No checks for embedded images, videos, or iframes
For all Content checks, the report won't check img, video, and iframe sources (src), just straight hyperlinks. So if you've used the editor options to Insert Image or Insert Video, those URLs will not be checked. Refer to What is not checked for more information.

The Broken link checker has three known limitations:

  1. Displayed images, videos, and iframes: For all Content checks, the report won't check the source (src) value. It only checks explicit hyperlinks. So if you've used the editor options to Insert Image or Insert Video, or you've inserted your own iframe, those src URLs won't be checked. If you'd like to see image, video, or iframe sources included in these reports, please contact us and let us know.
  2. Anchors: The Broken links checker won't check the validity of anchor or other hash portions of a hyperlink.
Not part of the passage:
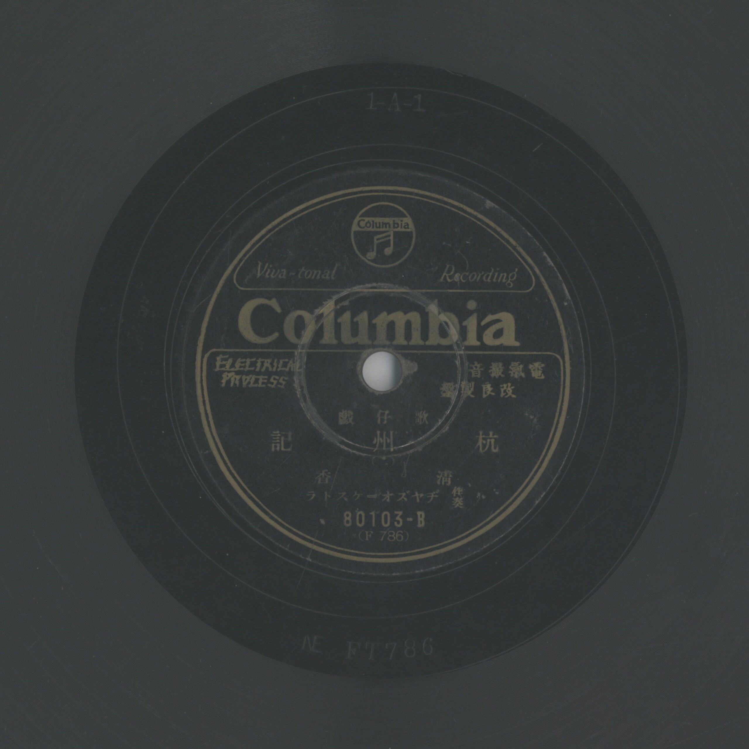 杭州記 (二) 演出者清香演唱 ヂヤズオーケストラ(爵士交響樂團)伴奏關鍵詞#歌仔戲內容爵士樂團伴奏的歌仔戲曲,由歌手清香(劉清香,即歌手純純)演唱。聲音載體留聲機唱片發行編號日蓄 (古倫美亞-臺灣)80103專輯年份《歌仔戲:杭州記》1930~31其他曲目1-杭州記 (一) 3-杭州記 (三) 4-杭州記 (四) 5-杭州記 (五) 6-杭州記 (六)來源專案臺史博館藏錄音發布(2026) 相關照片

Issues with anchors don't surface as independent HTTP status codes, so we had no automated way to check these.
    • The checker completely ignores same-page anchors (hyperlinks beginning with #).
    • For external page URLs that include an anchor, the checker strips off the anchor and checks the base URL of the page only.
  3. Private content: If you link to resources that require a login of some kind to view, such as within your company intranet, or behind a VPN, or documentation elsewhere that is behind a login page, those links will generally show up in the report with some 400-level status code. While we can validate resources that are stored within KnowledgeOwl, we have no way to pass authorization to check private resources stored elsewhere.
  4. mailto: links: Since these links aren't a true URL, they can't be verified through the automated process we use. The report ignores these links.
  5. javascript links: Since these links usually perform an action rather than hitting a URL, they can't be verified through the automated process we use. The report ignores these links.
  6. tel: links: As with the mailto links, these links can't be verified through the automated process we use. The report ignores these links.